Quality Assurance Operations Specialist II [Contract to Hire]

Iovance Biotherapeutics - Philadelphia, PA

posted 11 days ago

Full-time - Mid Level

Remote - Philadelphia, PA

Chemical Manufacturing

About the position

The Quality Assurance Operations Specialist II at Iovance Biotherapeutics is a pivotal role responsible for ensuring quality oversight in the manufacturing and disposition of irradiated peripheral blood mononuclear cells (iPBMCs). This position involves day-to-day Quality Assurance Operations activities in compliance with cGMPs, CFRs, ICH guidelines, and company policies.

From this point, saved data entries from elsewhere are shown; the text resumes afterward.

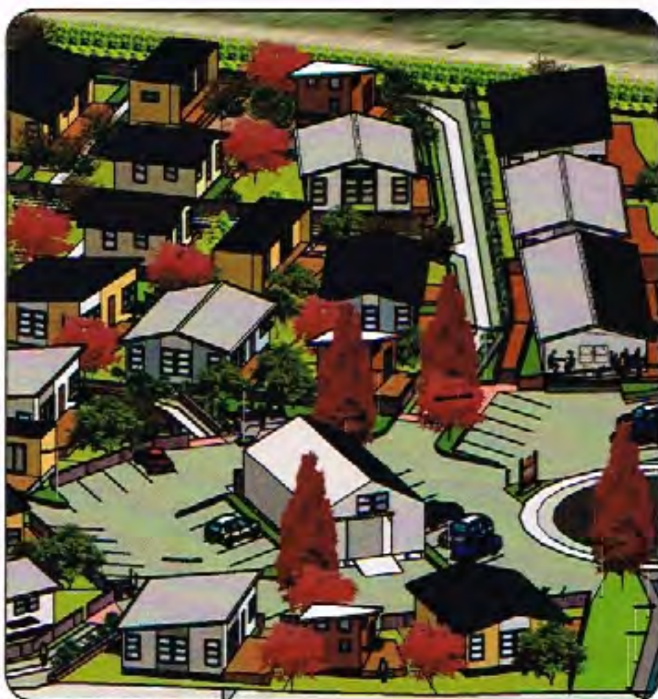
Right: residents shared space Above: foreground - community cafe & parking

We are currently looking at the range of $220,000 - $480,000 for 1, 2 and 3 bedroom dwellings. This will be confirmed when Resource Consent is issued. We are also investigating shared equity models to assist people into home ownership
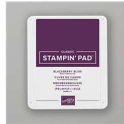
Blackberry Bliss Classic Stampin' Pad - 147092
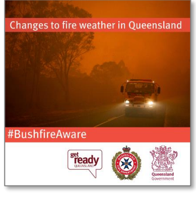
Filename: BushfireAware - Changes to fire weather in Queensland

#BushfireAware #GetReadyQueensland #BushfireWeather
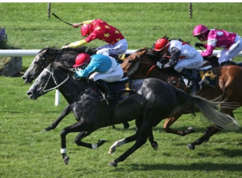
Thee Auld Floozie (NZ) (Mastercraftsman)
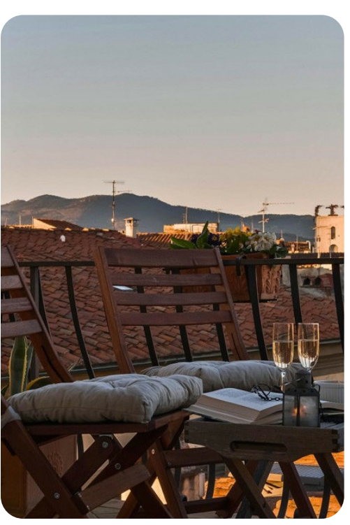
Nau | Page 5 of 6
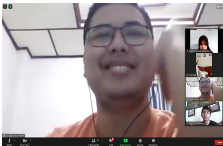
Figure 2 Sharing Idea

The most important part from this section is the students' courage in expressing their idea. Students work in pairs or small groups on a topic given by the lecturer. They have to speak up to express their idea that they know along the practice time. The lecturer observes the groups when they practice their speaking skill. When the students have question and another group can't solve their problem, the lecturer will handle the situation. One group presents the topic for 10 minutes, the process can be seen in the figure below.
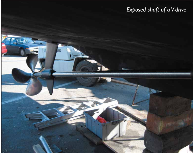
Exposed shaft of a V-drive

from a more powerful engine would be cancelled out by the increase in drag due to the size of the drive leg. I imagined having all the same troubles, but on a larger scale, so I deleted a bigger stern drive from the list of options.
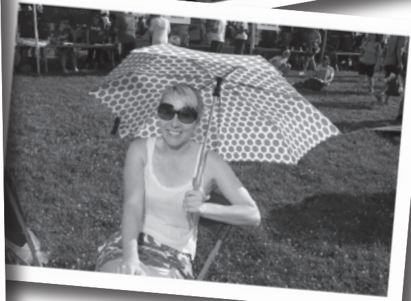
(Top) Drinker Biddle's team enjoying the event
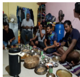
Glimpse of scholastics visit to North Gujarat
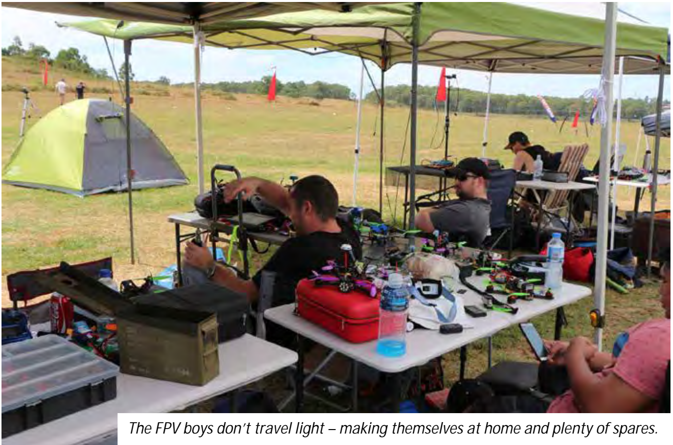
The FPV boys don't travel light – making themselves at home and plenty of spares.

The Specialist will work closely with manufacturing and quality control teams to maintain high standards of quality and compliance, supporting various QA initiatives and documentation processes.

Responsibilities

Perform QA Operation activities including review of manufacturing batch records and labeling/packaging operations.
Support quality assurance processes, controls, and batch history files for QA Operations and Lot Disposition.
Provide real-time, on-the-floor support for manufacturing production activities to ensure compliance with GMP and GDP quality initiatives.
Track and communicate standard work completion and hurdles.
Interact with Contract Manufacturing Organizations (CMO) and internal teams to ensure efficient and timely batch release.
Release raw materials and inventory, preparing and organizing release documentation for approvals.
Support internal audits and regulatory inspections.
Act as a subject matter expert (SME) and train incoming staff.
Review laboratory investigations, deviation investigations, method validations, change controls, and CAPAs.
Initiate and participate in standard operating procedure (SOP) revisions to improve compliance.

Requirements

Bachelor's degree in Biological/Physical/Chemical sciences, engineering, or equivalent from an accredited university or college.
At least 4 years of GMP QA/QC experience.
Experience with deviations and laboratory investigations within an electronic QMS (e.g., MasterControl, Veeva).
Familiarity with Code of Federal Regulations and International Council for Harmonization Guidelines governing current Good Manufacturing Practices for Pharmaceuticals.
Knowledge of GMP, Good Documentation Practices (GDP), and FDA quality systems.

Nice-to-haves

Experience with cell therapy products and cleanroom manufacturing.
Knowledge of cell culture testing.

Benefits

Competitive salary range of $72K - $91.2K per year.
Opportunity for contract to hire position.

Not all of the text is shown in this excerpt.